The Emigrants by W. G. Sebald

Melancholy, concerned with time and memory. Sometimes time collapses on itself, folds two moments a half century or longer apart into a single instance. Holocaust a looming presence throughout, lurking in the wings of memory, omnipresent but best not stared at directly.

Systematic return to the places of friends and ancestors in an effort to, what, piece together one's own murky identity?

Slippery, plays with the distinction between fiction and non.

Memories disappear without a trace, only to return in full, vivid force years later at some subtle prompting. Sometimes it is unclear whether these are memories or fantasies so palpable that they supplant immediate reality.

There are some real humdingers of sentences, nary a word out of place, like an elaborate ironwork, but I am mostly inured to the beauty of language and they do not satisfy me as they do Alison. But perhaps this can come back, as some other forgotten pleasures have lately hinted.

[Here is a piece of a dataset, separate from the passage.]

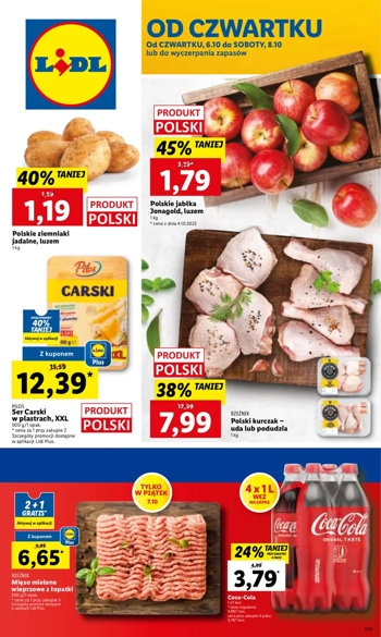 {loadposition linkLidl2} 'Od czwartku' - nowa gazetka promocyjna sieci sklepów Lidl. Polecane promocje z gazetki sklepów Lidl: Polskie jabłka Jonagold 1 kg - 1,79 zł. Polskie ziemniaki jadalne 1 kg - 1,19 zł. Ser Carski w plastrach Pilos 500…
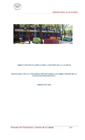 MEMORIA ANUAL DE ACTIVIDADES DIRECCIÓN DE PLANIFICACIÓN Y GESTIÓN DE LA CALIDAD REALIZADA CON LA COLABORACIÓN DE TODAS LAS DIRECCIONES DE LA FACULTAD POLITECNICA. EJERCICIO 2021 Dirección de Planificación y Gestión de la Calidad 224

Recurring themes: nature, looking down at things from the Swiss Alps, being a teacher in small Central European towns, decrepitude and the wearing of time, blurring of time and space and memory, living inside someone else's memories, the Holocaust, the question of belonging to Germany, Jewishness, returning to the same place decades later, loneliness, homelessness, feeling dwarfed by industrial infrastructure, preserving from the dumb, obliterating present a few relics of the past, involuntary memory a la Proust, and other stuff like that.